Date: Wed, 14 Mar 90 20:49 EST
From: Steve Strassmann <st...@media-lab.media.mit.edu>
To: unix-...@ai.ai.mit.edu
Subject: [dre...@decwrl.dec.com: what to do with a PDP-11/73]

Date: Wed, 14 Mar 90 16:50:22 -0800

From: dre...@decwrl.dec.com (Raymond Drewry)
From: Michel Jackson <jac...@shs.ohio-state.edu>
From: ka...@giza.cis.ohio-state.edu (Karl Kleinpaste)
Newsgroups: osu.hacks
Subject: How do you measure nuclear warhead yield?

This is something I learned at the USENIX Conference in January that
I've been meaning to post here, but have managed to forget about until
now.

While chatting with some network acquaintances at the hotel bar (all
the important discussion occurs at the bar, of course, preferably well
past midnight), a friend who does sysadmin work at Los Alamos National
Labs told us a marvelously funny story about how the fun folks at LANL
measure yield from nuclear detonations.
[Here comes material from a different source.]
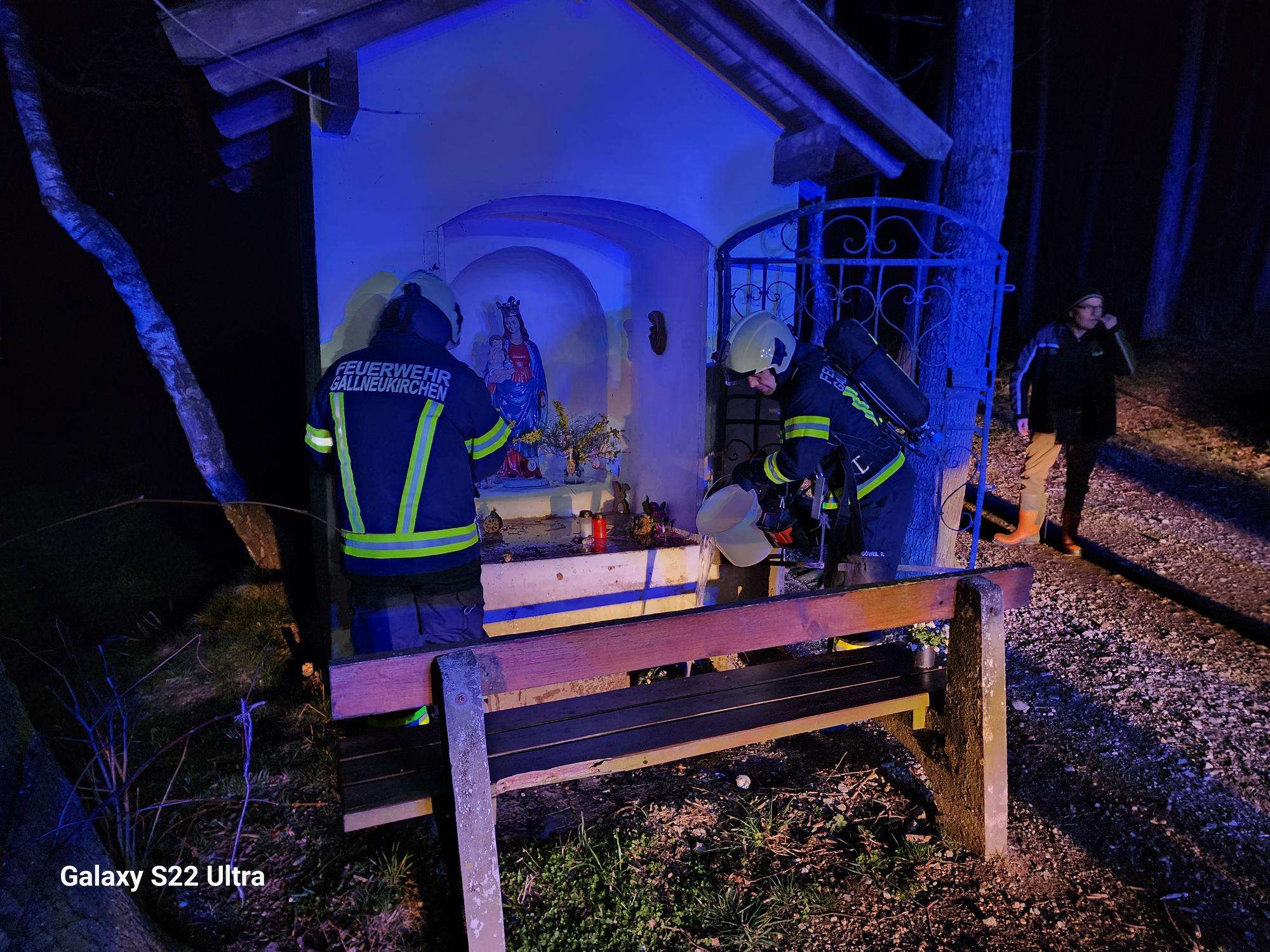 Am gestrigen Abend wurden unsere Kameraden zu einem Kleinbrand zur Warschenhofer Kapelle gerufen. Am Einsatzort wurde das Feuer mithilfe eines Eimers mit Wasser gelöscht. Anschließend wurde die kleine Brandstelle gereinigt und unsere Einsatzkräfte konnten wieder einrücken. Das Gesteck fing vermutlich durch eine umgestürzte Kerze Feuer.
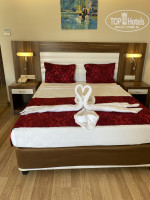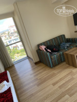 Здравствуйте, отдыхали с мужем в этом отеле с 6по 17 сентября. Заселение прошло хорошо приехали мы около 13:00 заполнили необходимые документы и отправили нас на обед, потому что номер был не готов и спустя пол часа нас заселили. Номер хороший большой у нас был на 5 этаже с видом на город и на море. Сделали комплимент от отеля как молодожёнам в виде бутылки вина, упаковки макарун и пироженого.

After all, they have to
experiment, I guess, and one has to learn how much bang-for-the-Mbuck
one is getting.

The solution at LANL (note that this is now an 8-week-old memory,
details may be somewhat inaccurate):

Find a Qbus-based PDP-11 (e.g., 11/73) "which you no longer love."
Install a DEQNA ethernet controller card in the backplane. Park the
box at/near/over the hole. Connect a cable to the DEQNA and drop it
down into the hole.

DEQNAs have a TDR (time domain reflectometer) built right into the
controller. TDR is useful for finding cable shorts and, in general,
learning the length of one's ethernet cable.
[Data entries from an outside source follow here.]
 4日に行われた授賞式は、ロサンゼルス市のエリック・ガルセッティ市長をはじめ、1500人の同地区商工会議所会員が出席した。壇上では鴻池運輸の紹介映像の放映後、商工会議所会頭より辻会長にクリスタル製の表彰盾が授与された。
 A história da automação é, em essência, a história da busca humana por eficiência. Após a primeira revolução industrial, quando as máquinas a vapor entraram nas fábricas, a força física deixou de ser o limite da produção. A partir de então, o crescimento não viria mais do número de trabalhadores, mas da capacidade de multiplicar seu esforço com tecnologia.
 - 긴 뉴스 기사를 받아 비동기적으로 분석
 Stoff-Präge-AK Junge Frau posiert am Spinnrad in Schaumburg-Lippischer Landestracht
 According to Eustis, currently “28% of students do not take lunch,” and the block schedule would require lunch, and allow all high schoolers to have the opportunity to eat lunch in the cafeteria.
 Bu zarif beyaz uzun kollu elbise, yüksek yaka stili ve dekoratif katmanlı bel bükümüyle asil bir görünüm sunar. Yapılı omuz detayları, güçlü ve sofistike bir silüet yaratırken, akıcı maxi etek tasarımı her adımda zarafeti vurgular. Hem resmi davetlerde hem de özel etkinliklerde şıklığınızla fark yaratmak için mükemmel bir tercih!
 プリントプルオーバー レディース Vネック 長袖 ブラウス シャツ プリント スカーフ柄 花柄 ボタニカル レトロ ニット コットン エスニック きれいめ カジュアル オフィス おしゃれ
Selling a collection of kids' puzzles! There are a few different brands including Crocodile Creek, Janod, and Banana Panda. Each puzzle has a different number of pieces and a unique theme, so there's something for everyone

Before detonation, begin having the PDP-11 repeatedly exercise the
DEQNA's TDR, recording and transmitting the length determined to some
other (presumably distant :-) site.

Detonate. As the beastie blows things to smithereens all around
itself, the cable will be rapidly eaten away. TDR readings from the
DEQNA will show a drastically reducing cable length. The speed with
which the cable, ah, degenerates will correlate very closely with
warhead yield.

Just think, your tax dollars at work, ridding the world of PDP-11s...

--karl

PS- No, I'm not kidding. Not a word of it.
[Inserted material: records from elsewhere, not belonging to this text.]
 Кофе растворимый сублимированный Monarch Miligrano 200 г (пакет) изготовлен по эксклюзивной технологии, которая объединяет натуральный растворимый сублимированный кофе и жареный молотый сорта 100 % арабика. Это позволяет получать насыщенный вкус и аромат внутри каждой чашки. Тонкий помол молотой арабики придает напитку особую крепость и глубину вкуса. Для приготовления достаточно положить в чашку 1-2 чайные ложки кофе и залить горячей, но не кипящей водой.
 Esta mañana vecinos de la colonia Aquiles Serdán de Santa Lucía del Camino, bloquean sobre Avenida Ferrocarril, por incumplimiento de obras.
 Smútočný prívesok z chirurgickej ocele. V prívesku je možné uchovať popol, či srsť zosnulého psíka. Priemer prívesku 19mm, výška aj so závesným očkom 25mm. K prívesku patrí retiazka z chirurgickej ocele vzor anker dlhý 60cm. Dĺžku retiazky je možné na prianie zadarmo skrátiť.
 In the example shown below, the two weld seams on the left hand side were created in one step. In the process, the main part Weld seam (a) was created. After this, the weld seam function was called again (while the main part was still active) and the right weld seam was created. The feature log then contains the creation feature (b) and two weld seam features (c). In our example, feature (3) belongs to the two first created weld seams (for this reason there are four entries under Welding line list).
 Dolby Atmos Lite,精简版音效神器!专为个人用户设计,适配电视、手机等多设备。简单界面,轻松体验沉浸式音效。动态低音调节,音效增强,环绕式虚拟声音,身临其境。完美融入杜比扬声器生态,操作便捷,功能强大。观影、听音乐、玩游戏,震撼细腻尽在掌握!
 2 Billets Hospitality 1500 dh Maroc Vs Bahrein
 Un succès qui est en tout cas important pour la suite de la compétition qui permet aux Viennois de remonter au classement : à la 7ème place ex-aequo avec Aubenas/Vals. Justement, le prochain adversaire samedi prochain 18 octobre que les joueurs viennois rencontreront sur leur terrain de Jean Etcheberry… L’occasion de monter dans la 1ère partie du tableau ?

--- End of forwarded messages ---

Barry Shein

ungelesen,
16.03.1990, 22:29:2716.03.90
an

Re: nuking DEQNA's

I doubt very much this is true.

I've heard similar stories dating back to the early 60's, mostly
involving video signals racing the vaporization ring down the wire.

Then again maybe everything is true, perhaps you can trade in those
vaporized video cameras for a vaporized DEQNA in some DEC upgrade
program I haven't heard about.
--
-Barry Shein

Software Tool & Die | {xylogics,uunet}!world!bzs | b...@world.std.com
Purveyors to the Trade | Voice: 617-739-0202 | Login: 617-739-WRLD

Steven M. Bellovin

ungelesen,
17.03.1990, 21:54:2617.03.90
an
In article <1990Mar17....@world.std.com>, b...@world.std.com (Barry Shein) writes:
>
> Re: nuking DEQNA's
>
> I doubt very much this is true.
>
> I've heard similar stories dating back to the early 60's, mostly
> involving video signals racing the vaporization ring down the wire.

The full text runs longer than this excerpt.